### [EXERCISE BRIEF]
Please repeat the entries below exactly as written, leaving out any images.

(Excerpts from a dataset)

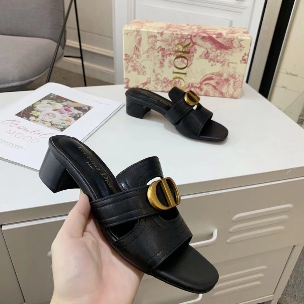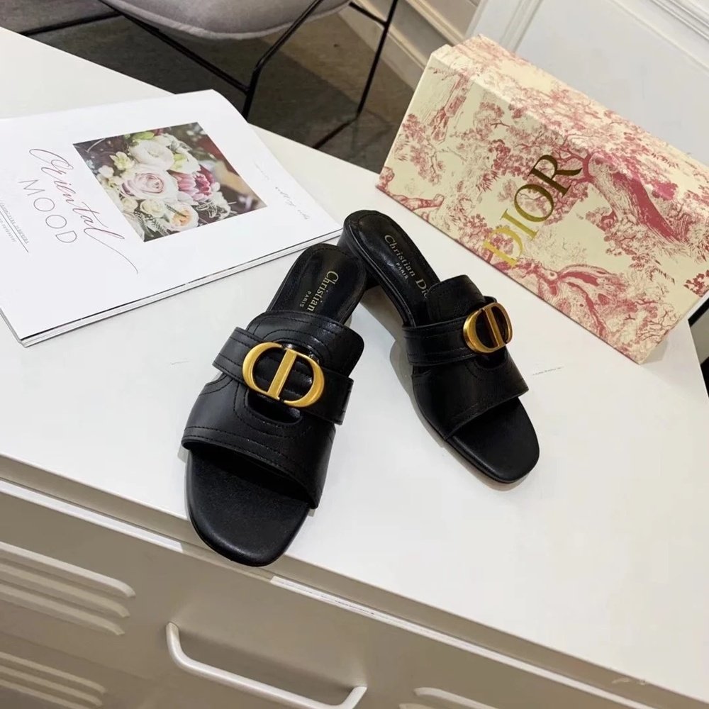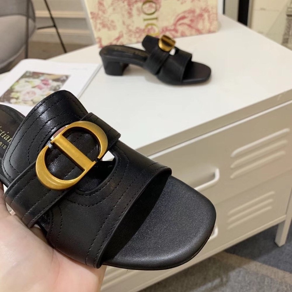 Home Shop Women shoes Dior women's shoes Dior 30 Montaigne Heeled Slides In Black Calfskin
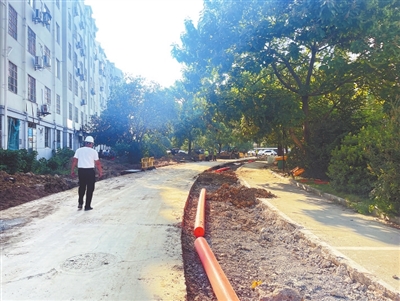 “就这两天才恢复的施工,之前停工了一段时间。”小区居民王大爷说,因为道路开挖,小区内车辆乱停,加之扬尘比较严重,所以看到停工大家很着急,希望能尽早完工。“听说是因为小区内自来水管铺设较浅,开挖时很容易挖断水管,导致施工方不敢轻易动工,前几天还因为挖断水管整个小区都停水了。”
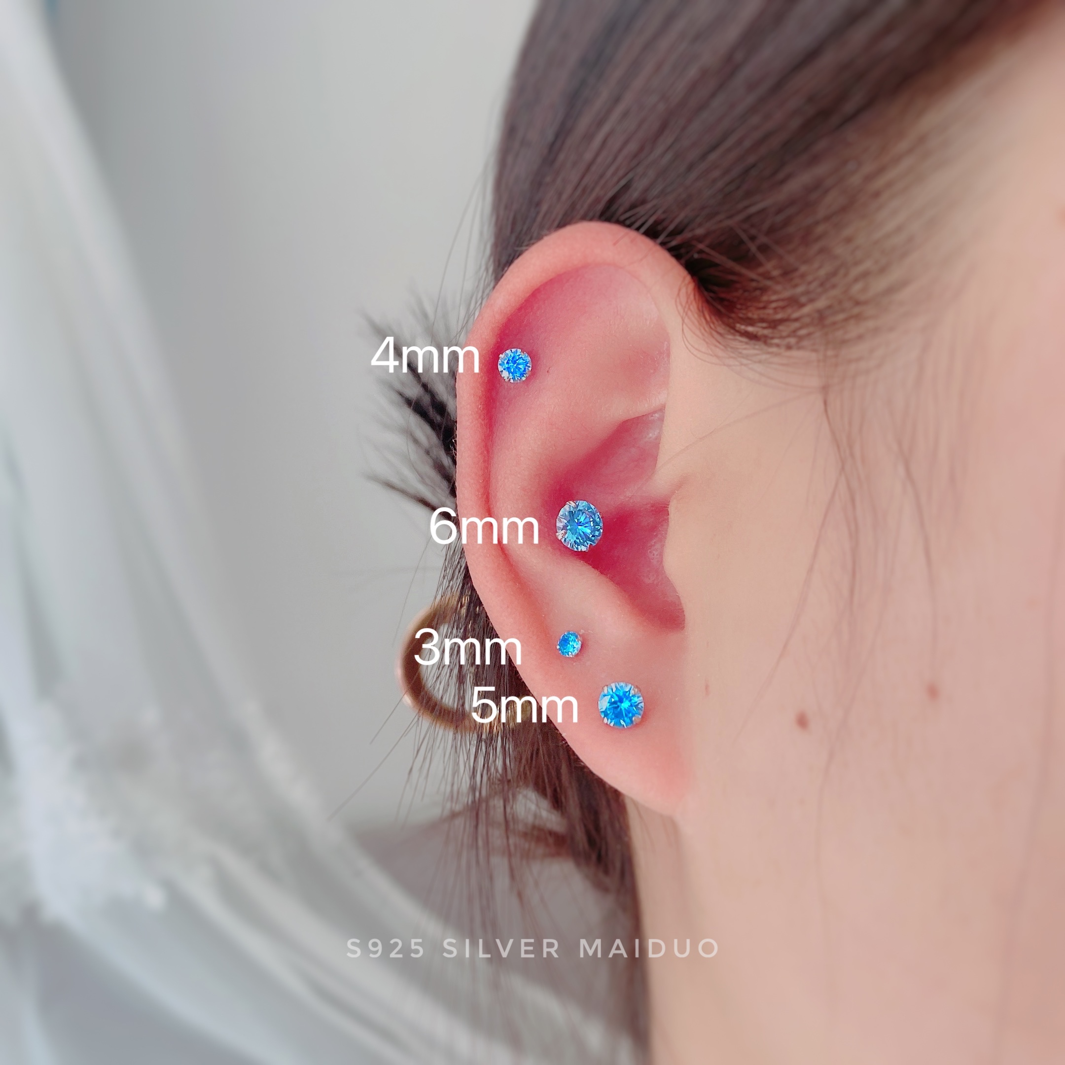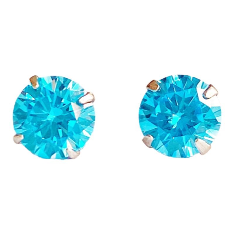 s925纯银耳钉女托帕蓝色仙女天空蓝海闪亮镶嵌显白精致高级褪色
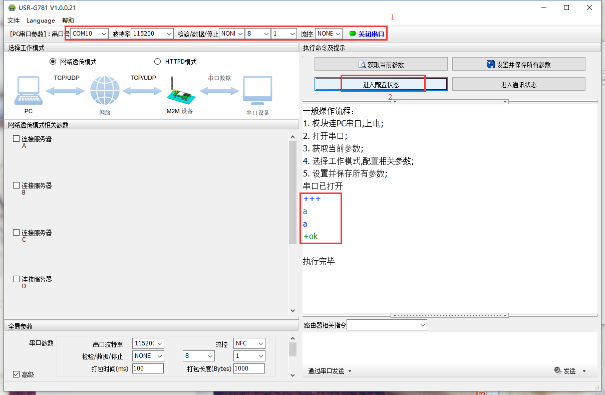 (8)数据通信。打开G781设置软件或者打开对应的串口调试助手,如下所示,可以实现双向数据通信,即表示OK
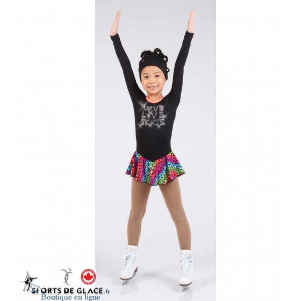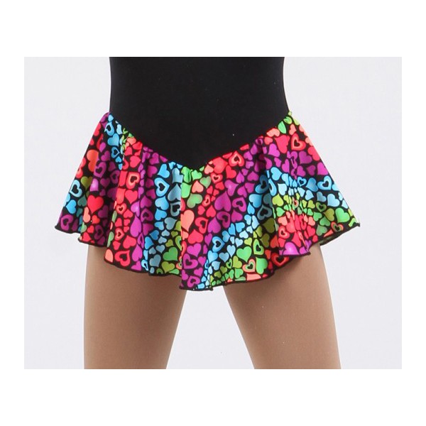 Black supplex dress with multicolored hearts pattern skirt and rhinestones.. LOVE LIVE SKATE by Elite Xpression
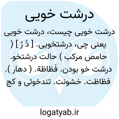 درشتخویی. [ دُ رُ ] ( حامص مرکب ) حالت درشتخو. درشت خو بودن. فَظاظة. ( دهار ). فظاظت. خشونت. تندخوئی و کج خلقی. ( ناظم الاطباء ): غایت نادانی است... معاشقت زنان به درشتخویی. ( کلیله و دمنه ).
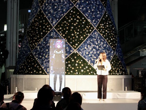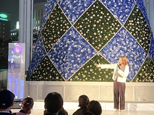 点灯式のオープニングトークには活動2周年を迎えたJR博多シティ公式VTuber『羽形モモ(はねかたもも)』さんが登壇しました。
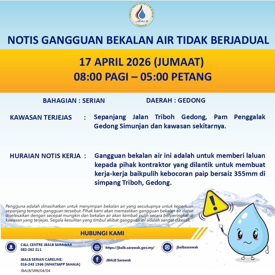 Unscheduled Water Interruption Notice at Serian (Gedong) (17.04.2026)
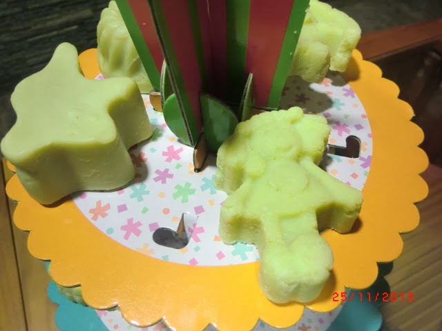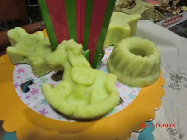 Con una textura más rústica los que llevan agua de rosas. Utilicé muchos moldes variados porque tenían que ser divertidos unos y menos infantiles otros. :)
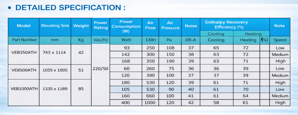 ● Constant Airflow Technology (Applicable Models: VEB150ATH / VEB250ATH / VEB350ATH)
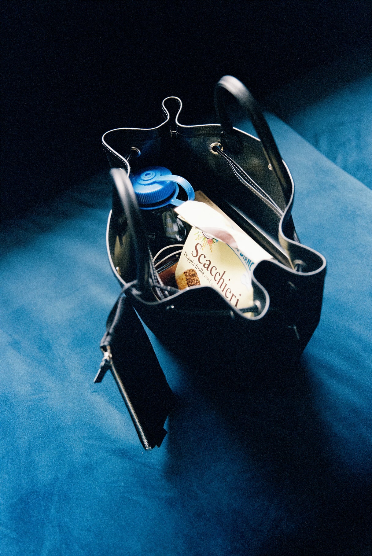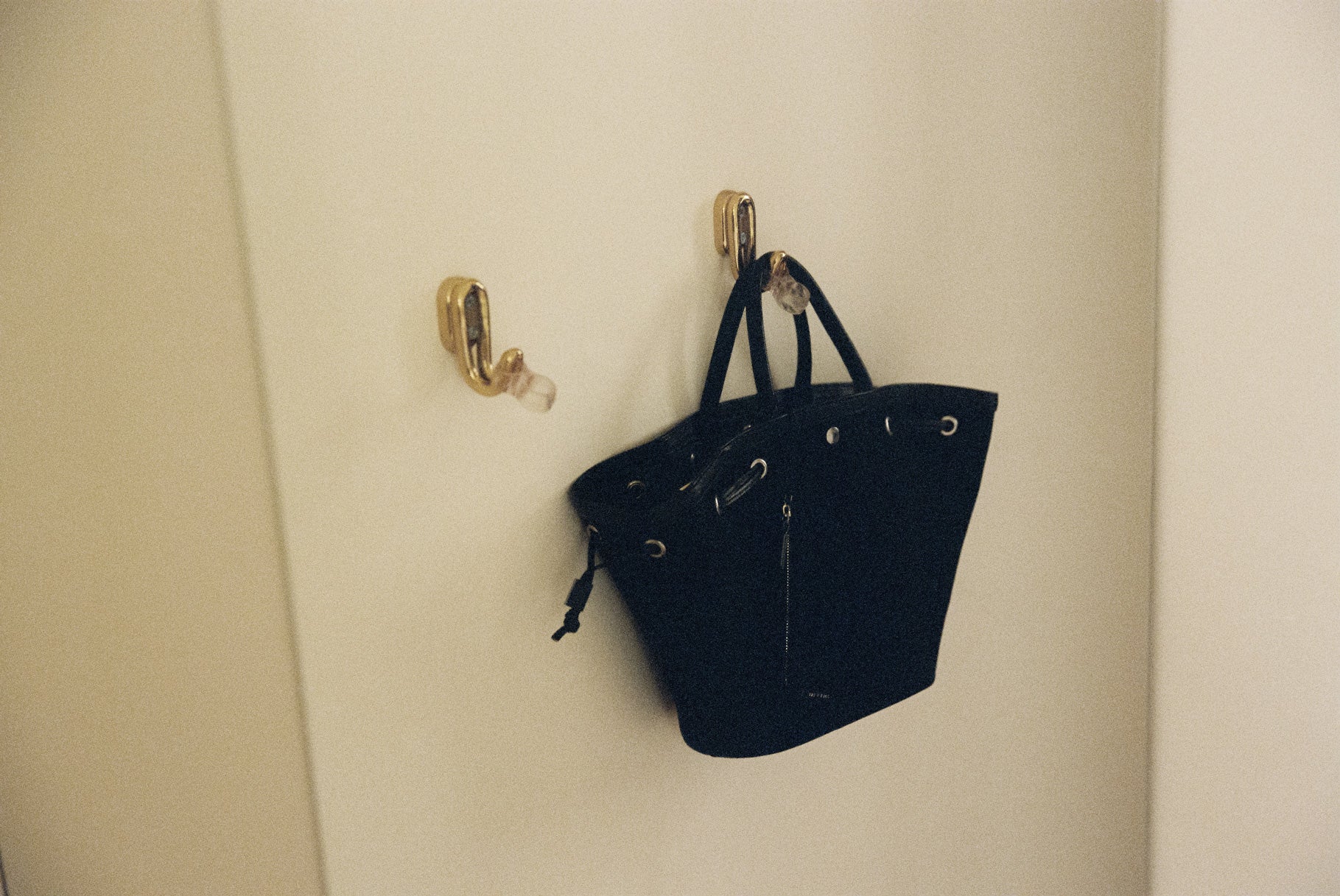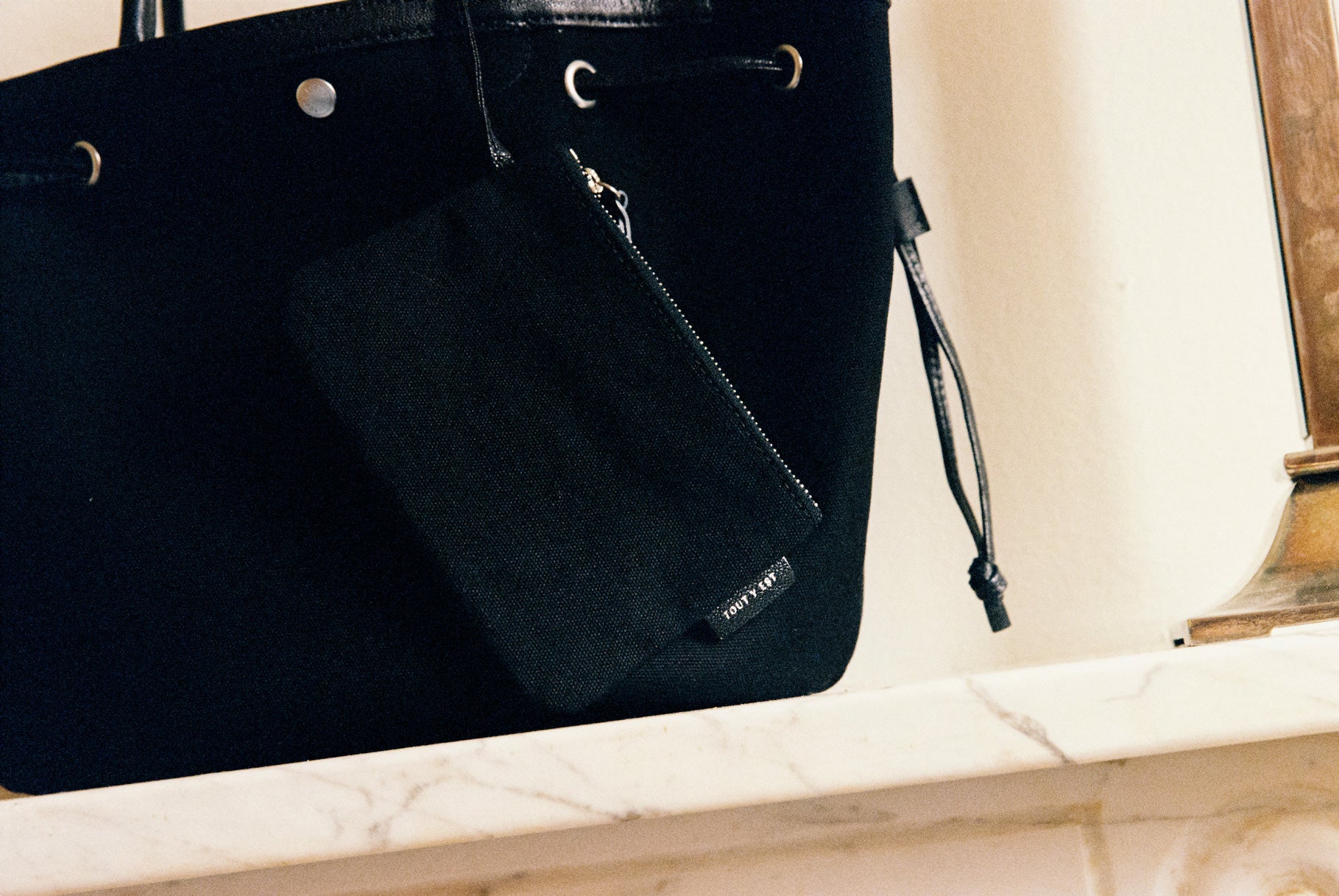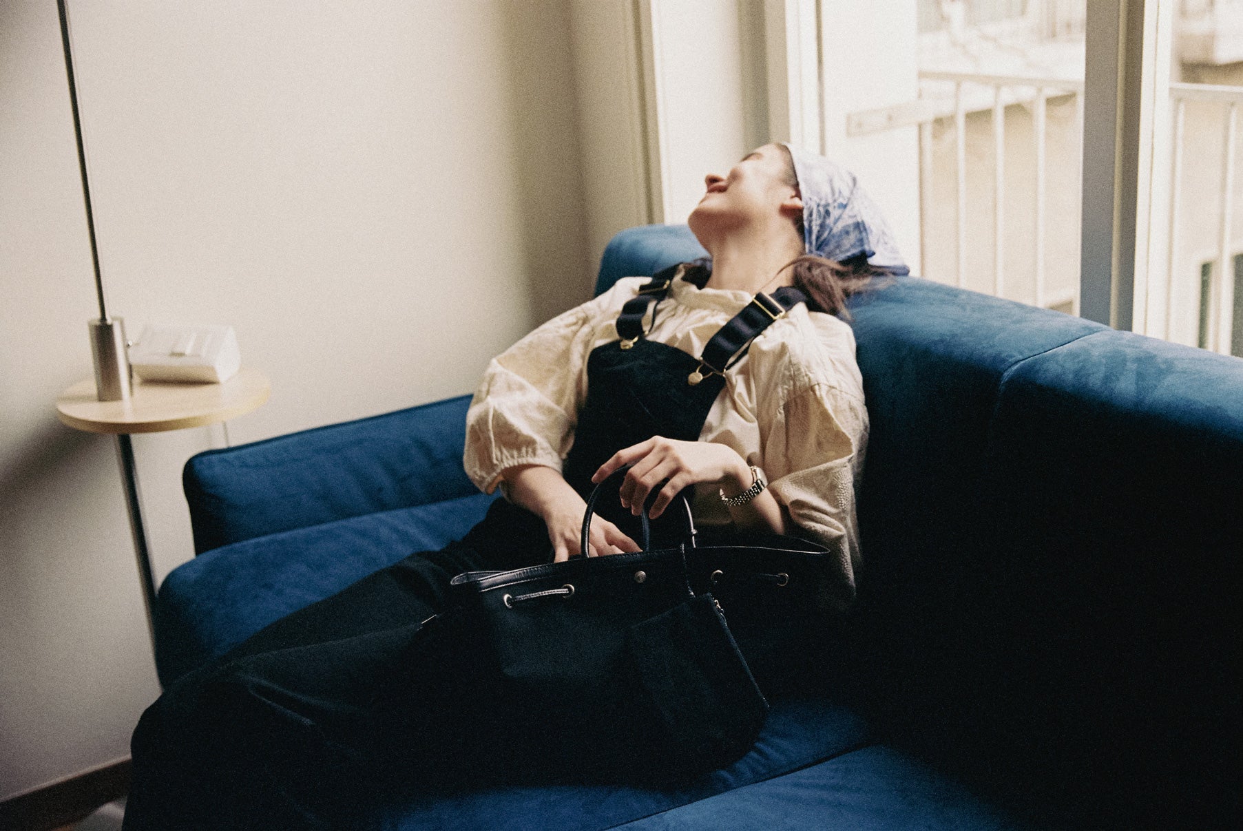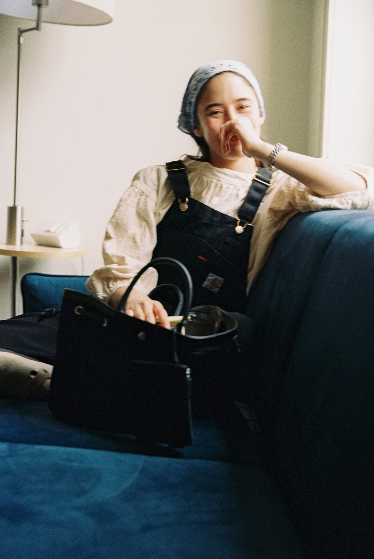 This shopper bag is crafted by combining soft sheepskin with cotton canvas material. Named "COQUILLE," which means "shell" in French, it embodies the feature of a bag that can be freely shaped using the leather string at the top. When carrying many belongings, you can spread it wide to form the shape of a shopper bag, or you can tighten the string to use it as a bucket bag. There's a snap in the center with the logo embossed, allowing for secure closure. Additionally, it comes with a detachable pouch, making it convenient to store small essentials that are frequently needed. The soft and round strap provides a comfortable grip even when the bag is filled with many items, while the sturdy sheepskin bottom provides stability to the bag.
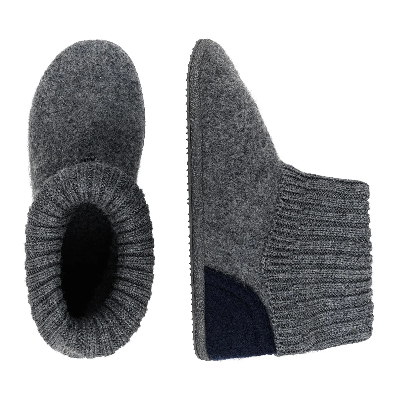 The original slipper made from 100% virgin wool fabric with a patented rubber sole has been pampering GIESSWEIN customers with warmth, comfort and relaxation since 1974. Available in various colour combinations and masterfully crafted with knitted ribbed cuffs, a reinforced wool heel and a soft anti-slip sole, these slippers are particularly flexible and give you the natural feeling of walking barefoot. Effortless to slip on and off, even warmth and carefree lightness maximise comfort. Highlights of these slippers: 100% virgin wool fabric, non-slip sole, reinforced heel and knitted cuffs.
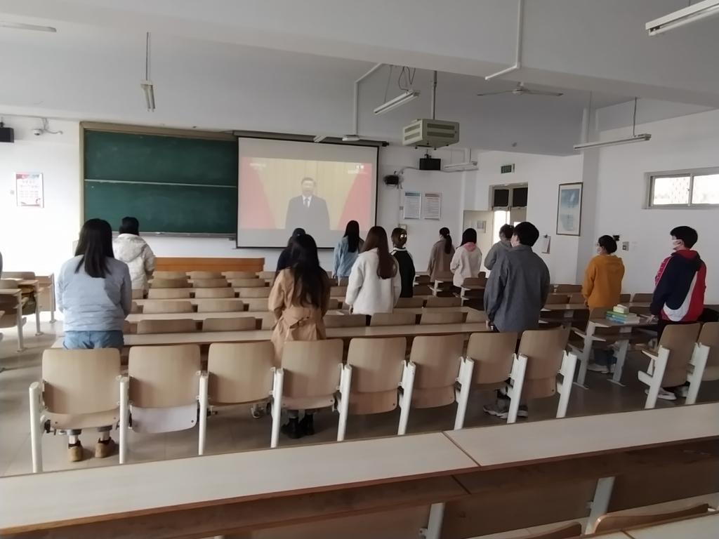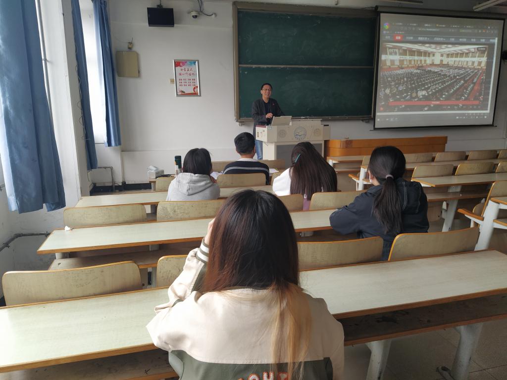 5月10日XK星空体育组织40多名在校生在昌黎校区C307教室观看了现场直播,学院党委副书记副院长孙胜显、团委书记王明洁与同学们一起观看了直播。同学们各位就坐、全程佩戴口罩。会后,孙书记与同学们一起进行了思想交流。

### [RESULT]
 Home Shop Women shoes Dior women's shoes Dior 30 Montaigne Heeled Slides In Black Calfskin
 “就这两天才恢复的施工,之前停工了一段时间。”小区居民王大爷说,因为道路开挖,小区内车辆乱停,加之扬尘比较严重,所以看到停工大家很着急,希望能尽早完工。“听说是因为小区内自来水管铺设较浅,开挖时很容易挖断水管,导致施工方不敢轻易动工,前几天还因为挖断水管整个小区都停水了。”
 s925纯银耳钉女托帕蓝色仙女天空蓝海闪亮镶嵌显白精致高级褪色
 (8)数据通信。打开G781设置软件或者打开对应的串口调试助手,如下所示,可以实现双向数据通信,即表示OK
 Black supplex dress with multicolored hearts pattern skirt and rhinestones.. LOVE LIVE SKATE by Elite Xpression
 درشتخویی. [ دُ رُ ] ( حامص مرکب ) حالت درشتخو. درشت خو بودن. فَظاظة. ( دهار ). فظاظت. خشونت. تندخوئی و کج خلقی. ( ناظم الاطباء ): غایت نادانی است... معاشقت زنان به درشتخویی. ( کلیله و دمنه ).
 点灯式のオープニングトークには活動2周年を迎えたJR博多シティ公式VTuber『羽形モモ(はねかたもも)』さんが登壇しました。
 Unscheduled Water Interruption Notice at Serian (Gedong) (17.04.2026)
 Con una textura más rústica los que llevan agua de rosas. Utilicé muchos moldes variados porque tenían que ser divertidos unos y menos infantiles otros. :)
 ● Constant Airflow Technology (Applicable Models: VEB150ATH / VEB250ATH / VEB350ATH)
 This shopper bag is crafted by combining soft sheepskin with cotton canvas material. Named "COQUILLE," which means "shell" in French, it embodies the feature of a bag that can be freely shaped using the leather string at the top. When carrying many belongings, you can spread it wide to form the shape of a shopper bag, or you can tighten the string to use it as a bucket bag. There's a snap in the center with the logo embossed, allowing for secure closure. Additionally, it comes with a detachable pouch, making it convenient to store small essentials that are frequently needed. The soft and round strap provides a comfortable grip even when the bag is filled with many items, while the sturdy sheepskin bottom provides stability to the bag.
 The original slipper made from 100% virgin wool fabric with a patented rubber sole has been pampering GIESSWEIN customers with warmth, comfort and relaxation since 1974. Available in various colour combinations and masterfully crafted with knitted ribbed cuffs, a reinforced wool heel and a soft anti-slip sole, these slippers are particularly flexible and give you the natural feeling of walking barefoot. Effortless to slip on and off, even warmth and carefree lightness maximise comfort. Highlights of these slippers: 100% virgin wool fabric, non-slip sole, reinforced heel and knitted cuffs.
 5月10日XK星空体育组织40多名在校生在昌黎校区C307教室观看了现场直播,学院党委副书记副院长孙胜显、团委书记王明洁与同学们一起观看了直播。同学们各位就坐、全程佩戴口罩。会后,孙书记与同学们一起进行了思想交流。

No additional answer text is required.